Moving around Neve Sha’anan Street does not feel like moving around in Israel. Almost all people seem to be of African or East Asian origin. Shops look different, signs are in different languages, even the smell is slightly different. It is not that I feel unsafe. But I feel like a stranger.
The policeman on Levinsky Street must be thinking the same. As I attempt to lock my bike to a fence opposite Levinsky Park, he waves at me, shouting something I can not understand. I secure my bike, take my backpack and approach him.
This gives me a twitch. If even the local police warns me, will I ever see my bike again at the end of the day?
“Social Injustices always have a spatial aspect, and social injustices can not be addressed without also addressing their spatial aspect.”
South Tel Aviv was brought to my attention when we discussed the book “Arrival City” by Doug Saunders. The author deals with the “new urban spaces that are this century’s focal points of conflict and change — unseen districts of rapid transformation and febrile activity that will reshape our cities and reconfigure our economies.” He calls those places arrival cities. They are places that migrants from rural areas move to in order to make a better living for themselves, but above all for their children and grandchildren and the generations to come.
Compared to other urban neighborhoods, arrival cities stand out through their rural-immigrant population, their improvised appearance, ever-changing nature and two particular kinds of linkages: there are links to the originating villages of their residents (through sending money and knowledge back and forth) and to the established city (through political institutions, business relationships, social networks and so on).
In his book Saunders describes a whole slew of examples, from Liu Gon Li in China to Istanbul in Turkey to Slotervaart in the Netherlands. Most of them cope with similar problems, one of these being the bad reputation of the neighborhood.
Maybe that is why south Tel Aviv came up immediately when we discussed the arrival city phenomenon in class. However, we never managed to determine whether it actually was an example of an arrival city. That is what I want to find out.
In Levinsky Park I encounter two brothers from Sudan. Atif and Mubarak are refugees who got here three years ago. The rest of their family still lives in Africa. They call them regularly. Sometimes they send money.
What kind of work do they do? “Everything! Whatever comes up – except for killing people.” Mubarak says he learned to speak Hebrew in only three months, picked it up in the streets. That is despite the fact that he could probably live here for years and only speak in his mother tongue.
There are four or five Sudanese TV channels receivable, the brothers say, and a bunch of restaurants serve food that almost tastes like home. “It’s the best food in the world. Of course it tastes a little different here, but only a little. At home, you could always taste your mother’s fingers it…”

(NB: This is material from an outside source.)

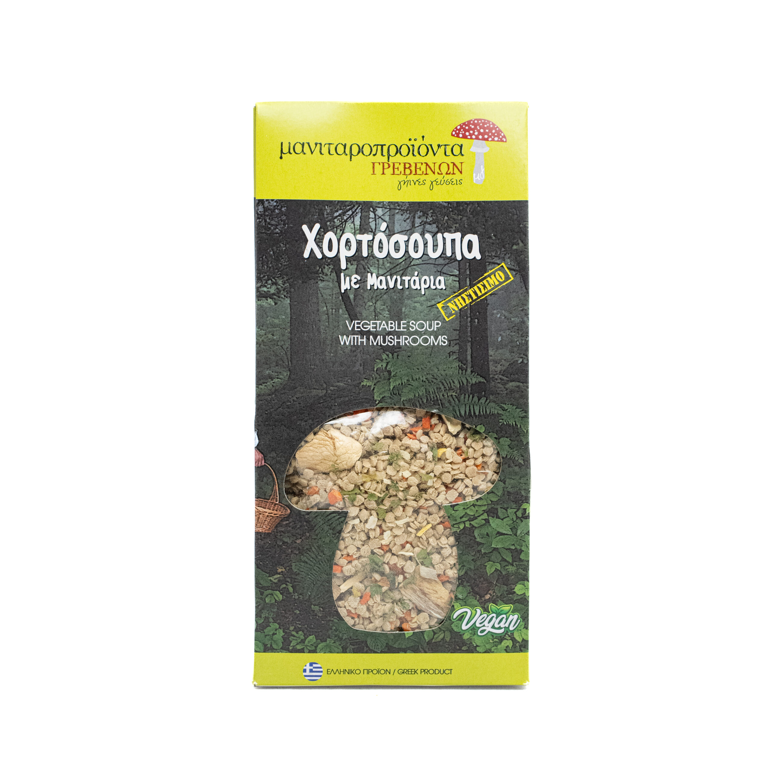 Περιλαμβάνει χορτόσουπα με μανιτάρια από τα Μανιταροπροϊόντα Γρεβενών, κλασικό ταχίνι Κομοτηνής Τζελεπίδου, αρωματικά κουλουράκια κανέλας Ντουρουντούς από τα Σφακιά, μαρμελάδα μήλο με σταφίδες από το Φίλεμα της Λέλας, βιολογικά ρεβύθια Βιοαγρός και χαλβά ολικής άλεσης Ζαμπογιάννης από την Κομοτηνή.

Nevertheless “life is hard”, says Atif. “When I first got here, it looked just like home.” He points at the other people in the park, most of them persons of the same dark color that he is. “But it is not. It feels like living in a different people.” Why? “It’s probably not like that in Germany, but in Sudan families normally have about ten kids. When three of them turn out bad – well, that’s normal”, explains Mubarak. “But here, everybody seems to be bad.”
Atif, who is the younger one, is fed up with it. He will turn 26 in four weeks, but he has no intentions to celebrate his birthday in Israel. “I want to go home.”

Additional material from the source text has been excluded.